Abstract

Purpose: We evaluated the factors associated with the development and progression of retinoschisis in patients with myopic choroidal neovascularization (CNV) treated with intravitreal bevacizumab injections.Methods: We conducted a retrospective analysis of 54 eyes with myopic CNV treated with intravitreal bevacizumab injections. We compared optical coherence tomography findings at baseline and final follow-up visits to assess the occurrence and progression of retinoschisis. Furthermore, we analyzed potential risk factors associated with the occurrence and progression of retinoschisis.Results: During a mean follow-up of 42.82 ± 27.12 months, retinoschisis worsened in 11 eyes (20.3%), including 7 eyes with new-onset disease and 4 with progression. The aggravated group demonstrated a significantly longer baseline axial length compared to the non-aggravated group (31.21 ± 2.52 μm vs. 29.21 ± 1.64 μm, p = 0.011).
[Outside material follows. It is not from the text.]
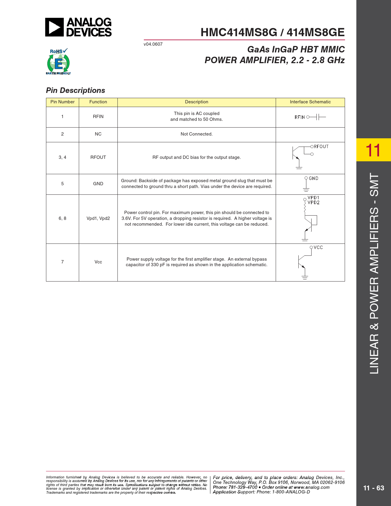 HMC414MS8G / 414MS8GE. GaAs InGaP HBT MMIC. POWER AMPLIFIER, 2.2 - 2.8 GHz. Pin Descriptions. 11 - 63

Univariate logistic regression analysis identified axial length (p = 0.041) and pre-existing outer retinoschisis (p = 0.018) as potential predictors of retinoschisis aggravation. In a multivariate analysis, axial length remained significantly associated with retinoschisis aggravation (p = 0.038, odds ratio = 2.63).Conclusions: Our study emphasized that a longer axial length is a risk factor for the development or progression of retinoschisis in myopic CNV patients treated with intravitreal bevacizumab injections. Therefore, closer monitoring during treatment may be warranted for myopic CNV patients with long axial length at baseline.